■ **TASK INSTRUCTIONS**:
Please reproduce the lines of the records below from the one holding "Target broderie trim" through the one holding "Корпус и обойма", inclusive, skipping all pictures.

■ **EXTRACTED INFORMATION**:

= Beginning of Section =

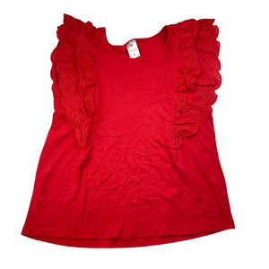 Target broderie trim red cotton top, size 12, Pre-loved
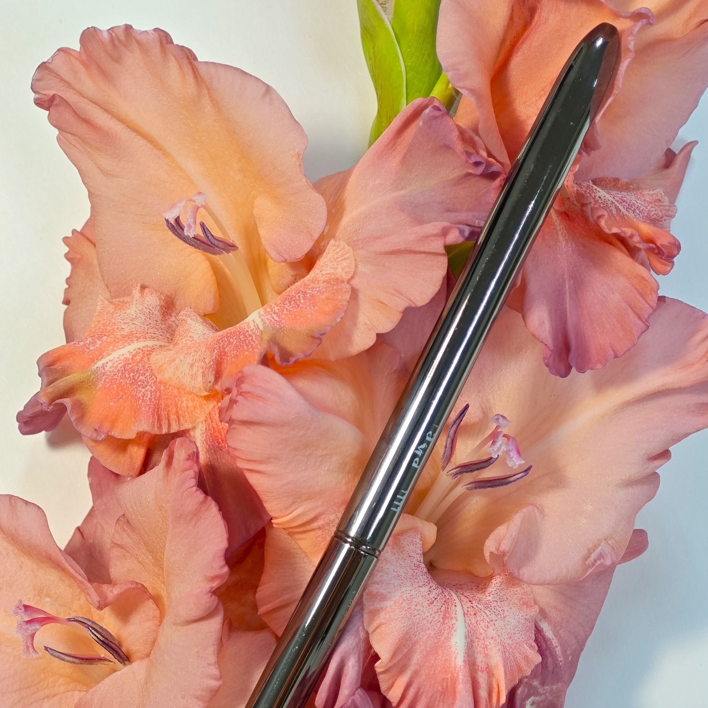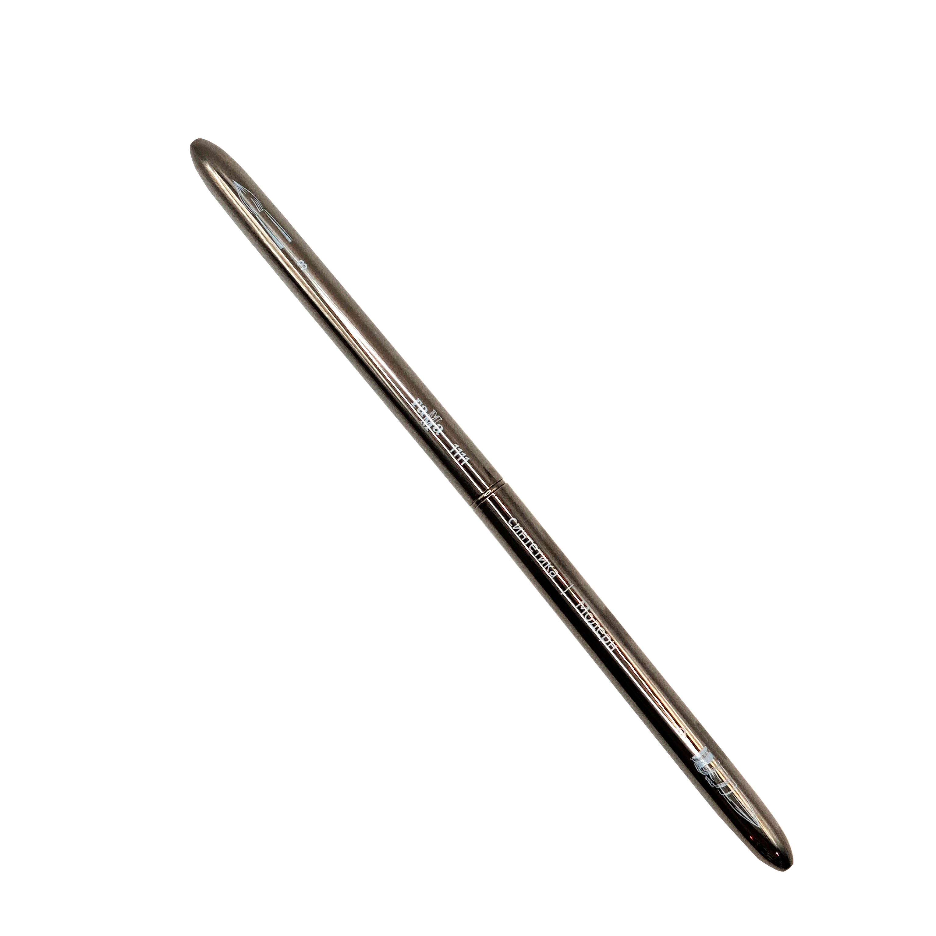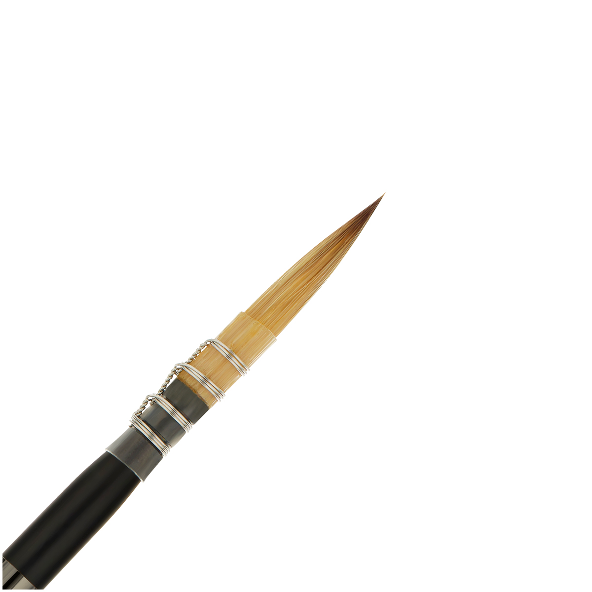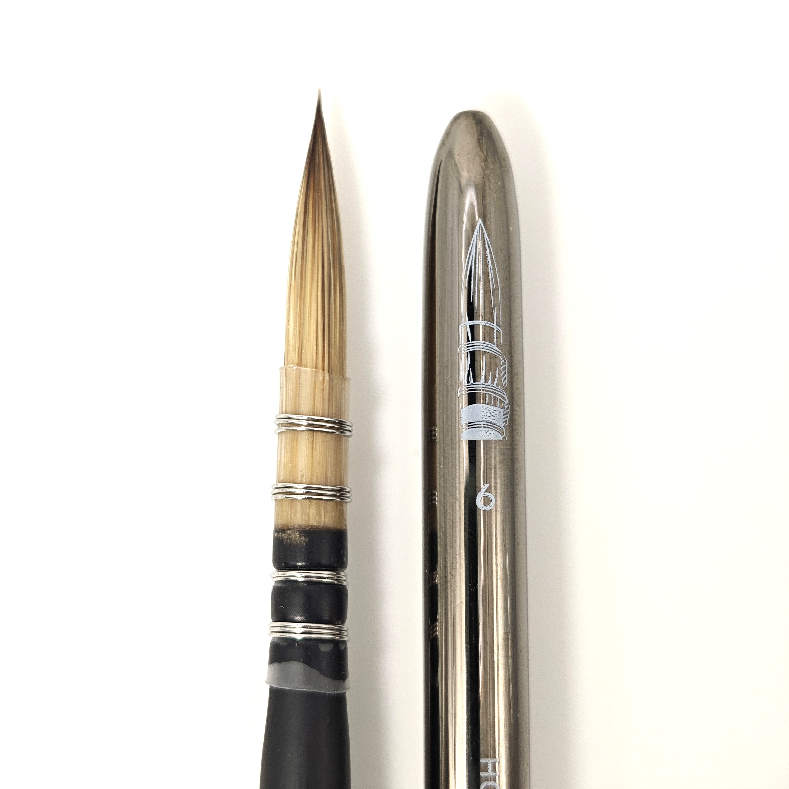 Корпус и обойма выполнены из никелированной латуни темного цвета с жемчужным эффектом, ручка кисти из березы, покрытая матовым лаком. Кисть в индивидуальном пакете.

= End of Section =
= Beginning of Section =

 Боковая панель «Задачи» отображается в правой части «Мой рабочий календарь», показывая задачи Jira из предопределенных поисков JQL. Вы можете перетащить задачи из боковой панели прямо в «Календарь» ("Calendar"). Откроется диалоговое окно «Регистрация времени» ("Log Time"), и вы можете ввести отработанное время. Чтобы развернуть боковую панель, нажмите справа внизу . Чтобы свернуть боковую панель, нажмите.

= End of Section =

■ **ANSWER TO THIS PROBLEM**:
 Target broderie trim red cotton top, size 12, Pre-loved
 Корпус и обойма выполнены из никелированной латуни темного цвета с жемчужным эффектом, ручка кисти из березы, покрытая матовым лаком. Кисть в индивидуальном пакете.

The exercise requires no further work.